There are offered herein in the filed statement of facts developed upon the trial of the motion to quash persons of the colored race who evidenced a consent to serve on a grand jury; some doctors who are exempt from such service; some dentists; some school teachers, also exempt, and a professional bondsman, Charlie Brackins by name, possibly one who might be subject to be excused by the judge impaneling the jury on account of his interest in the persons bonded by him to answer *293to the action of a grand jury. As has been heretofore pointed out, no sole qualification exists such as a householder or freeholder; there are many other demanded qualifications, chief among them being that of a good moral character, and such is not proven alone by the statement of the person under investigation, nor possibly by his friends or acquaintances. It is established by what he has evidenced as to what he actually is. When these jury commissioners said they knew of no negro whom they thought would make a grand juror, we think the State had refuted any statement relative to the prejudice and discrimination against the negro on account of his color. There were no previous jury commissioners brought forward in the trial of this motion, and the statement of any person who may have held a position of trust back in the past years has not sufficient force to bring us to doubt the. affirmative statement by the commissioners who selected this present grand jury, which was selected some months prior to the time appellant had the intent to commit the offense herein charged. We again affirm our belief that the mistake of negligence of jury commissioners in the past has not sufficient force to overcome the positive statement of these present commissioners. Regardless of what our views may be, the Supreme Court of the Nation has said that the continued failure to find men of color whose characteristics are sufficiently strong to convince one that they are of grand jury calibre is an irrefutable evidence of discrimination against them because of their color alone. See the Hill case, supra. As in duty .bound, we find ourselves in the position of ordering a reversal of this cause on account of what that court says is deliberate discrimination against appellant because of the color of his skin.

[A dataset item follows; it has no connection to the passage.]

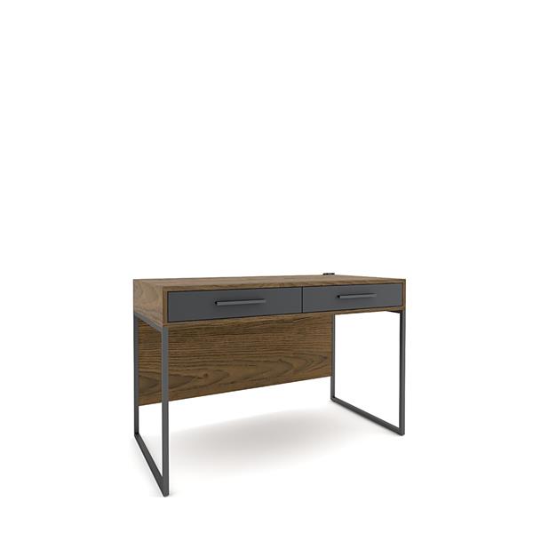 Dit leuke bureau heeft dankzij de combinatie van de kleur walnoot en het metalen frame een stoere, industriële uitstraling. Het bureau is voorzien van een handige USB-aansluiting en twee ruime lades met soft-close-systeem.

This judgment is therefore reversed and the cause ordered dismissed.






Rehearing

ON MOTION FOR REHEARING.

DAVIDSON, Judge.

’ The State, through the Criminal District Attorney of Ellis County, has filed a motion for rehearing, in which it is insisted that the question of race discrimination was not properly raised in the trial court in that no motion to quash the indictment was presented, verified by the oath of the appellant, as required of special pleas, under the provisions of Art. 509, C. C. P.-

*294The record before us. reflects that appellant’s original motion, as well as all subsequent motions, presenting the question of race discrimination, was sworn to by him before the District Clerk of Dallas County, Texas.

• The State’s contention does not find support in the record. The motion for rehearing is overruled.

The foregoing opinion of the Commission of Appeals has been examined by the Judges of the Court of Criminal Appeals and approved by the Court.